§ **What is being asked**: Please transcribe the lines below exactly, and leave every image behind.

§ **Source data**:
------------------------------
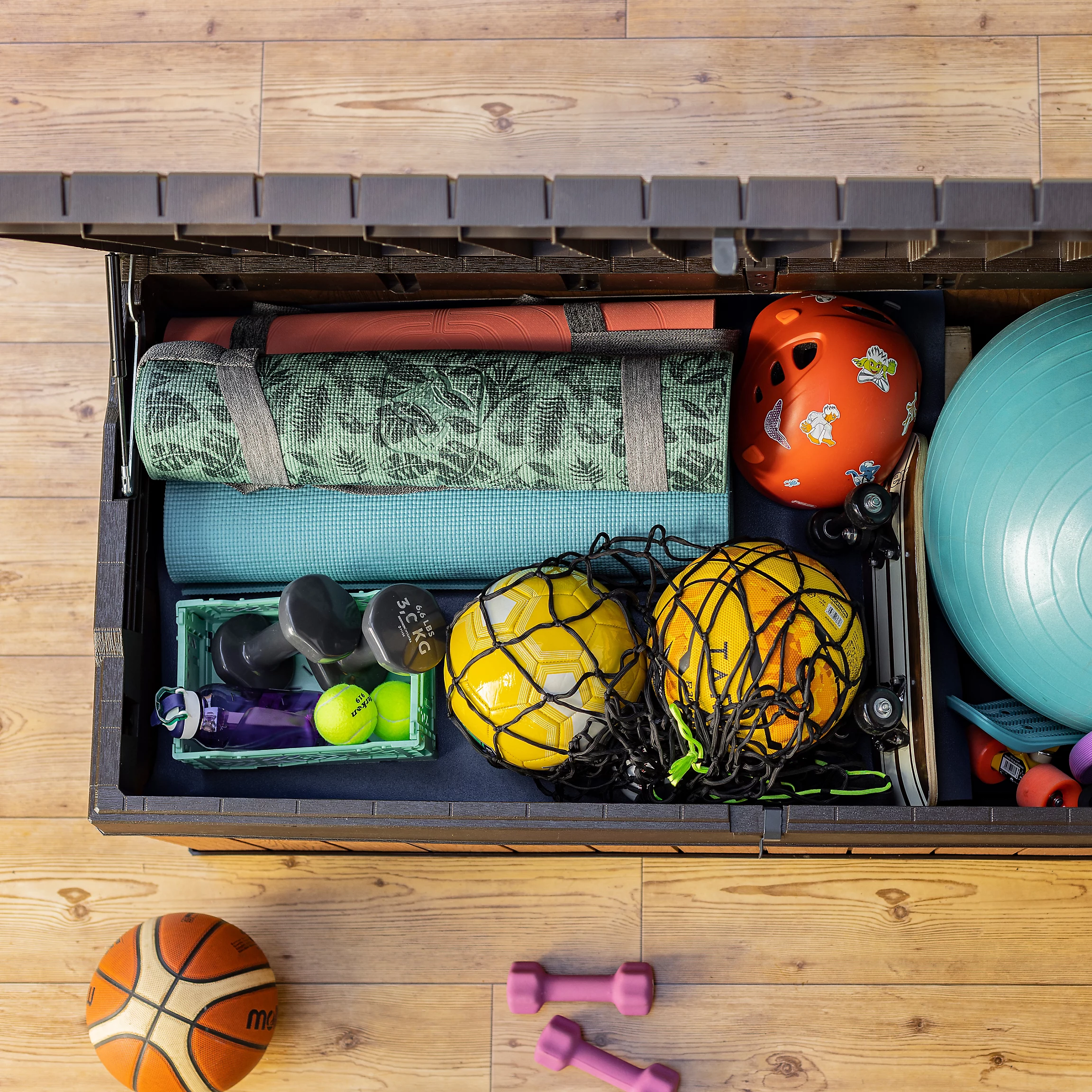 - Ideal outdoor storage box for garden tools and games, furniture cushions and other accessories
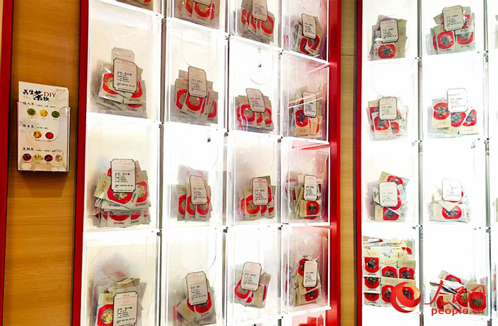 可供消费者DIY养生茶饮的“药墙”。人民网记者 郭维瑾摄
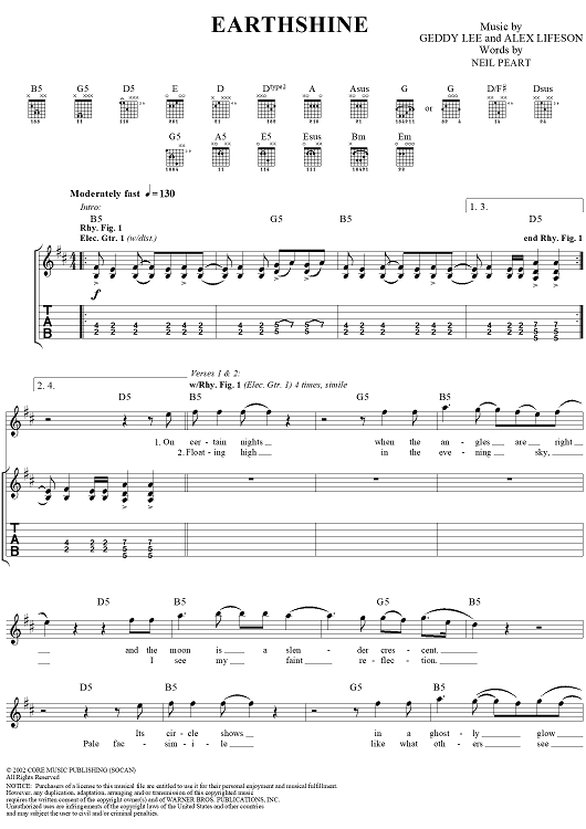 "Earthshine" Sheet Music by Rush
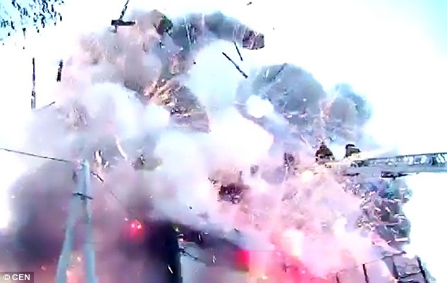 BLAGOVESHCHENSK – Un magazzino di fuochi d’artificio esplode nel momento in cui i pompieri stanno cercando di spegnere un incendio. Accade a Blagoveshchensk, città della Russia orientale. La fabbrica era piena di fuochi d’artificio che, nel momento in cui i vigili del fuoco erano in azione, sono esplosi. Un filmato pubblicato su YouTube e ripreso dal Daily Mail mostra la potente esplosione.
------------------------------
§ **Written reply**:
 - Ideal outdoor storage box for garden tools and games, furniture cushions and other accessories
 可供消费者DIY养生茶饮的“药墙”。人民网记者 郭维瑾摄
 "Earthshine" Sheet Music by Rush
 BLAGOVESHCHENSK – Un magazzino di fuochi d’artificio esplode nel momento in cui i pompieri stanno cercando di spegnere un incendio. Accade a Blagoveshchensk, città della Russia orientale. La fabbrica era piena di fuochi d’artificio che, nel momento in cui i vigili del fuoco erano in azione, sono esplosi. Un filmato pubblicato su YouTube e ripreso dal Daily Mail mostra la potente esplosione.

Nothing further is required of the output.